The fentanyl category of opioids was responsible for nearly 70% of preventable drug overdose deaths in the U.S. in 2021, an increase of 26% from the previous year.

Source: National Safety Council

Baylor and the John M. O’Quinn Foundation Partner in Preventing Fentanyl-Related Deaths

Like its namesake, famed Houston attorney John M. O’Quinn, the John M. O’Quinn Foundation has never shied away from a challenge, particularly when helping to solve seemingly unsolvable problems.

Thomas Kosten, M.D., professor of Psychiatry and director of the Division of Alcohol and Addiction Psychiatry

To that end, the Foundation has contributed over $2 million, which includes a recent contribution of $500,000, to Baylor College of Medicine to support a next-generation solution for one of the nation’s most dire health crises: fentanyl-related deaths.

Thomas Kosten, M.D., professor of Psychiatry and director of the Division of Alcohol and Addiction Psychiatry, is developing an anti-fentanyl vaccine that could prevent fentanyl overdoses and help curb the skyrocketing number of deaths as a result.

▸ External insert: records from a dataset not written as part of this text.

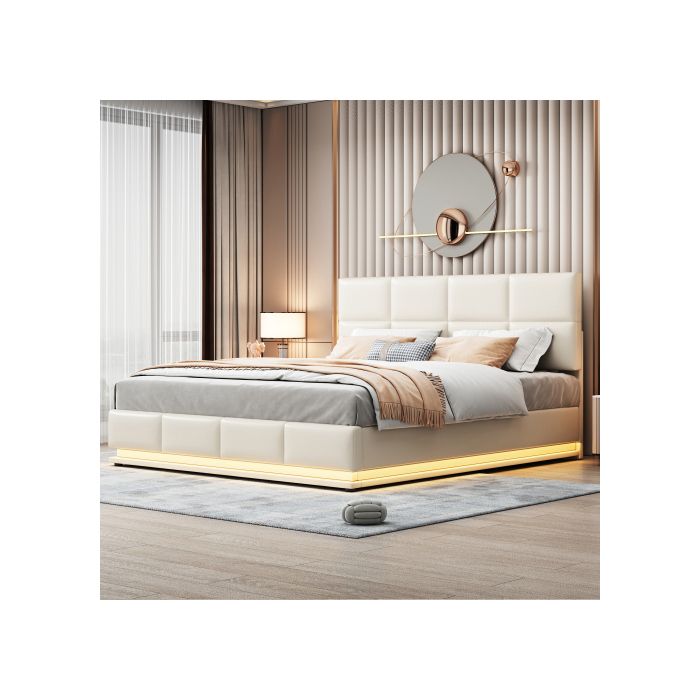 Lit - MUVOE - 180x200 cm - Éclairage LED - Rangement hydraulique - Beige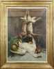 Tableau HST -nature morte canard et lapin- signé *BASTIEN A.* (Alfred) (1873, 1955) 90x70cm cadre doré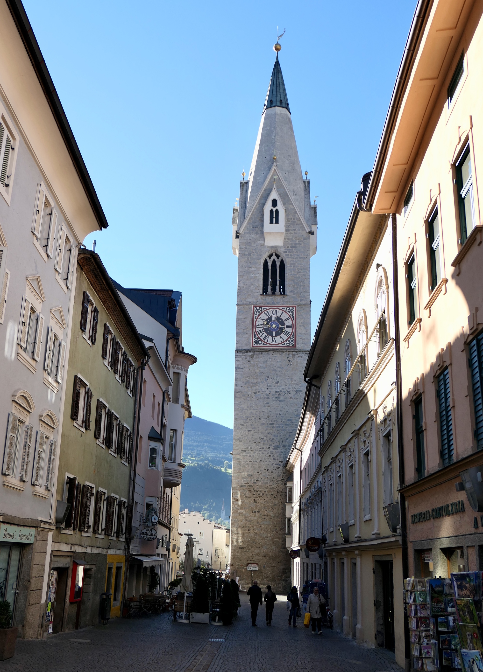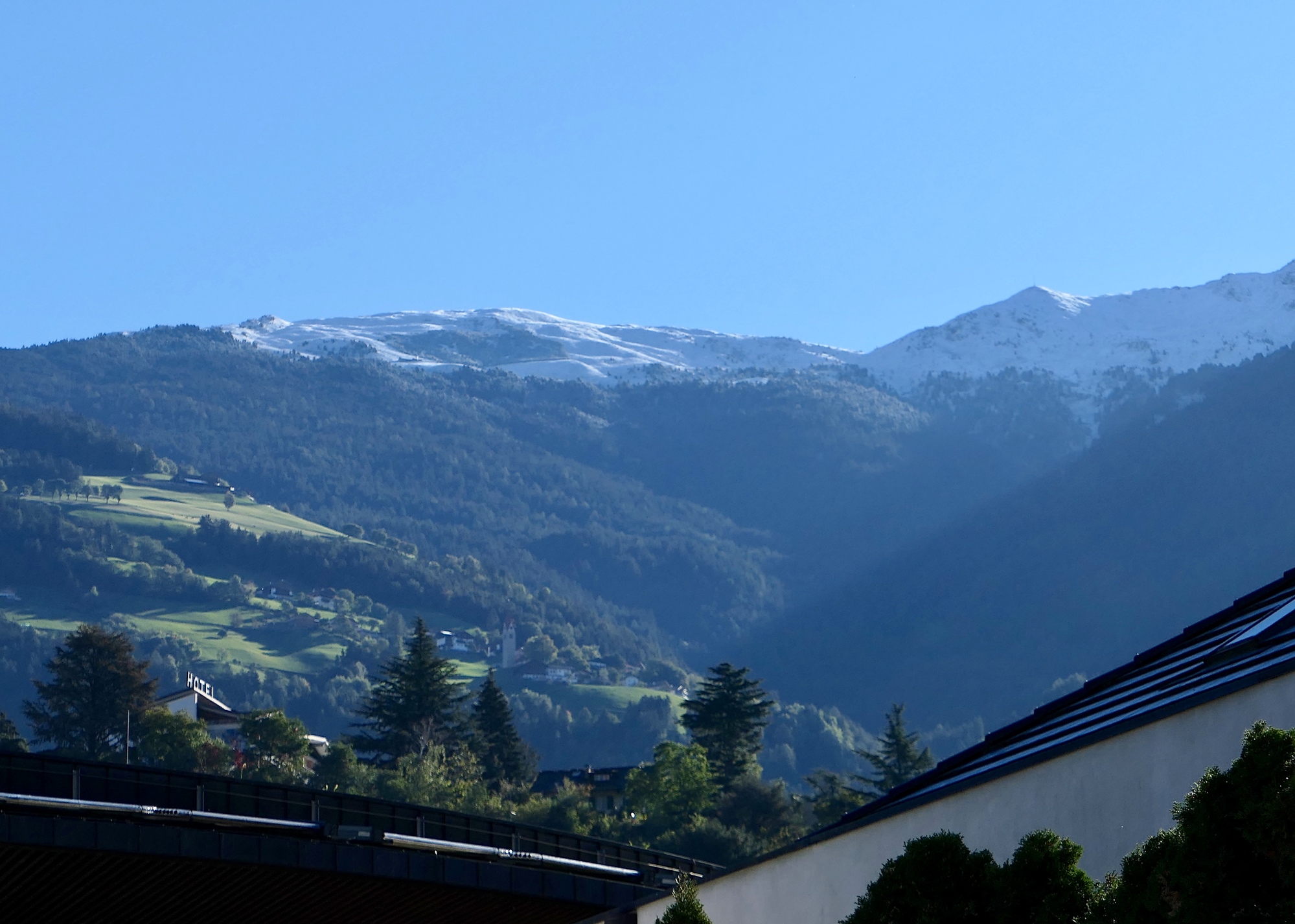 Such a fine plan. The weather even cooperated, and we felt very lucky as we reviewed the plan over another nice breakfast at the Grauer Bar. After yesterday’s cold and rain, the next three days all look great. It will be quite cold up in the passes, but we can bundle up. Seeing some new snow on the hills will make it really special. Today it’s still cold though and we can see snow on the ridge above town. We wait around until 11, checkout time, with Rachael passing time by keeping warm in bed, curled up with a good book; and I go out in town with the camera one last time.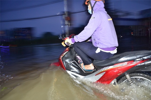 Nhiều đoạn đường ngập đến hơn nửa xe máy |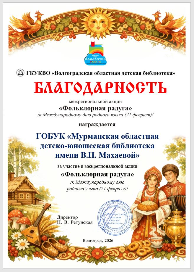 Благодарность за участие в межрегиональной акции "Фольклорная радуга"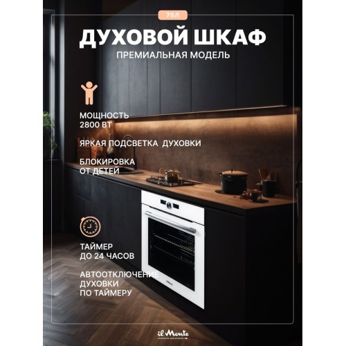 | Название | Встраиваемый духовой шкаф электрический 56л., Конвекция,Таймер с автоотключением духовки, от 80 до 250С., il Monte BO-66 WHITE |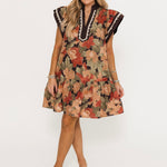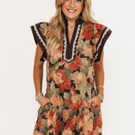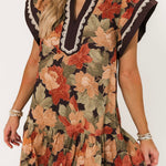 A love letter to autumn, the Falling Leaves Mini Dress features a relaxed, billowy silhouette with an airy V-neckline and an all-over print of rich, fall-colored leaves and florals. Effortlessly flattering and endlessly wearable, it’s perfect for crisp days with boots or layered under a cozy cardigan. Lexi is wearing a small.
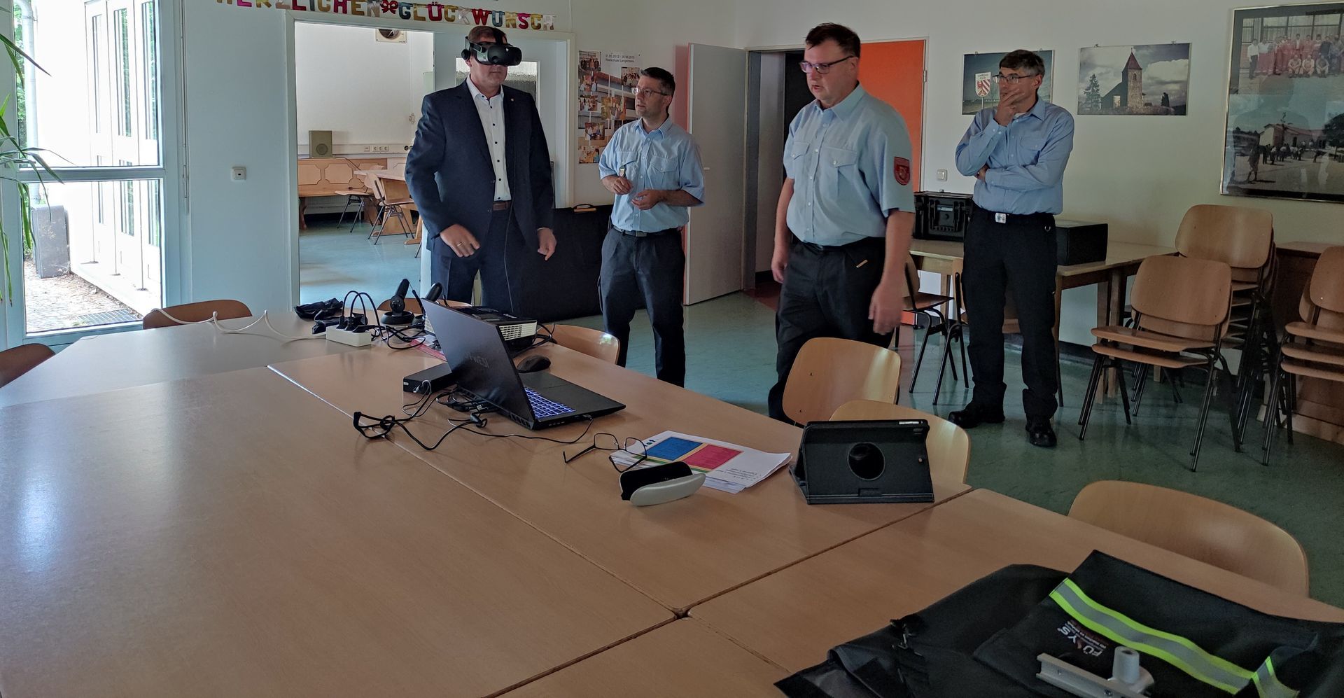 Es war an der Zeit, die Gerätschaften und die Software in der Atemschutzzentrale zu aktualisieren: unter anderem ist es jetzt möglich, mit der VR-Brille eines Feuerwehreinsatzsimulators einen virtuellen Einsatz durchzuspielen - perfekt für die taktische Ausbildung. Die Kosten dafür übernimmt der Kreisfeuerwehrverband zusammen mit einem dicken Zuschuss der Bayerischen Versicherungskammer.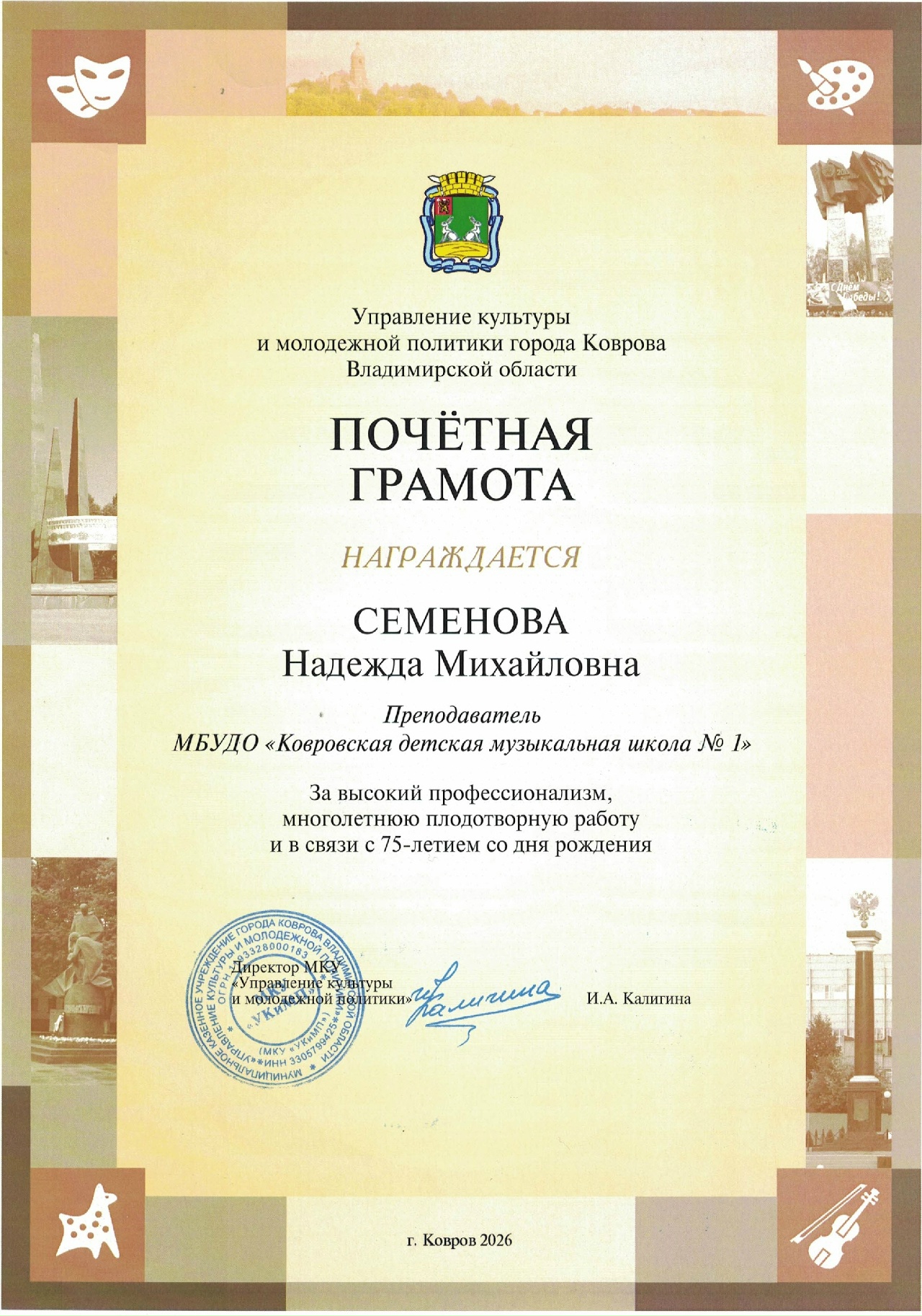 Почти 55 лет Надежда Михайловна дает ученикам крепкие знания теоретических музыкальных предметов, воспитывая у ребят трудолюбие и целеустремлённость. Выпускники Семеновой Н.М. работают преподавателями в консерваториях, музыкальных колледжах, музыкальных школах, общеобразовательных школах и музыкальными руководителями в детских садах нашей страны и зарубежья.

This vaccine creates antibodies to block opioid molecules from entering the brain, thus preventing addictive highs and the biological mechanisms that cause overdoses.

This work is essential as law enforcement and public health officials have struggled to contain the fentanyl epidemic raging nationwide. According to the National Safety Council, of the 98,268 preventable drug overdose deaths in 2021, the fentanyl category of opioids was responsible for nearly 70% of those preventable drug overdose deaths, an increase of 26% from the previous year. In Texas, lawmakers recently passed four bills that were signed into law aimed at curbing fentanyl abuse.

Because of the Foundation’s generosity, Dr. Kosten is closer to bringing the anti-fentanyl vaccine to the testing phase, which is critical for obtaining FDA approval.

“We knew we needed to help,” O’Quinn Foundation President Rob C. Wilson III said. “Our initial seed philanthropy and now this renewed support has allowed Dr. Kosten and his team to make tremendous progress in the fight against addiction in some of the most underserved communities, something our founder believed in strongly.”

In addition to the gift for the anti-fentanyl vaccine, the O’Quinn Foundation also contributed $500,000 to advance research into Ehlers-Danlos Syndrome, a rare connective tissue disorder. Year after year, the Foundation continues to be a vital partner to the College by supporting unique approaches to important health challenges.